Sorry, the summary is longer than I planned. Hope you like it. :blush: Let's keep going.
I took lessons 2.12 - 2.14. It centered on the two perspectives to machine learning; the computer science perspective and the statistical perspective.
In the computer science perspective, we try to determine the program that given the data input (input features) can produce a correct output or expected prediction.
In the statistical perspective, the ML algorithm is trying to learn a hypothetical function F from given input variables(x). The output is a dependent variable.
The challenge is same in both perspectives; determining a program or learning a function for a dependent variable.
2.15(Tools for Machine Learning)
ML tools consists of Libraries, development environments and services provide support for the ML ecosystem.
Common libraries: Scikit-learn a classical machine learning library.
Keras, Tensorflow and Pytorch - popular deep learning libraries.
Development environments: most popular is Jupyter notebooks where you can use Python to write your codes and you can split runs in cells. Other environments are; Azure notebooks, Azure Databricks, Visual Studio code etc.
Cloud services are needed to support the development environments. Microsoft Azure is a leading cloud computing service for building, testing, deploying and managing apps and services through Microsoft data centers.
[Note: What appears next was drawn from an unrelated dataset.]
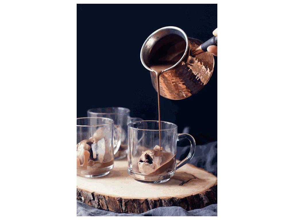 Recept na 2 malé šálky tradiční horké „husté“ čokolády: Přichystejte si cca 50 g čokolády (cca 2 vrchovaté polévkové lžíce), 100 ml cca 12% neslazené smetany (popř. mléka). Nalijte smetanu do vyšší misky, hrníčku s uchem nebo rendlíku. Vložte nádobu do horké vodní lázně v širším hrnci a zahřívejte až se voda ve vodní lázni dostane do varu. V průběhu zahřívání vmíchejte čokoládu, popř. cukr. Za stálého míchání povařte cca 3 minuty, až čokoláda dosáhne příjemné hladkosti a hustoty. Nechte mírně zchladnout na teplotu vhodnou k pití a poté servírujte. Čokoládu můžete dochutit i kořením. Více se dočtete v našem článku Domácí horká čokoláda.

Cloud services are important because sometimes data is too large and you need a faster processor to handle your ML workloads which can easily be provisioned on Cloud.
Microsoft has Azure Data Science VM(virtual machines), Azure Databricks, Azure Machine Learning Compute and even SQL server ML services to handle all kinds of ML workloads irrespective of size.
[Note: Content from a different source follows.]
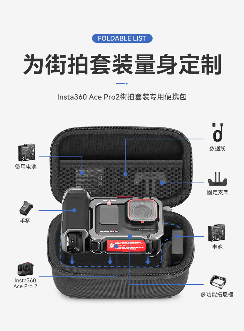 Fat cow suitable shadow stone Insta360 AcePro2 sports camera street photography storage bag AcePro street photography set storage box lens cover ACE tempered film telescopic tripod 360AcePro2/AcePro full set of storage bag

For notebooks, Jupyter, Databricks, R markdown and Apache Zeppelin are the most popular.
Library is a collection of pre-written(and compiled code) which you can make use of in your own project by simply importing them.
2.16 (ML libraries)
Python is a programming language tool which can be used for ML. It has two important libraries for this: Pandas, which allows you work efficiently with Dataframes and Numpy which supports high level mathematical functions for numerical optimization and operations on arrays.
For ML: most popular library is Scikit-learn. There is also spark ML which is also used for classical ML.
For DL: there are two core libraries: Tensorflow and Pytorch. Keras is a library was developed to make Tensorflow easier to work with for Deep learning.
For Visualization: we have Seaborn, Plotly, Matplotlib, and Bokeh.. Seaborn provides a high level interface and has additional features than Matplotlib. Bokeh generates Interactive data visualization.
Revision , Lessons 2.17-2.18
Cloud services for ML provides support for managing the core assets used in ML projects.
Datasets: define version and monitor data used in ML runs
Experiments & runs: organize ML workloads and keep track of each task executed through the service.
Pipelines: provide structural flow of tasks to model complex ML flows.
Model registry: manages models and registers then with support for versioning and deployment to production.
Endpoints: expose real time endpoint for scoring as well as pipelines for advanced automation.
Datastores: are data sources connected to the service environments like blob stores, fileshare data stores, data lake shows and databases. Simply a place you can create datasets from other sources.
Compute: This is a designated compute resource where you run your ML trainings.
Difference between models and algorithms
Models are specific representations learnt from data algorithms. Model is the end product.
Algorithms: can be seen as prescriptive recipes to transform data into models.
The goal of Linear regression assumes there's a linear relationship between x, the dependent variable and y, the independent variable. Represented as y=mx+c
:sunglasses: That's quite a lot. Hope you found it useful.
Automated ML: rapidly iterates over many combinations of algorithms and hyperparameters to help you find the best model based on your defined metrics.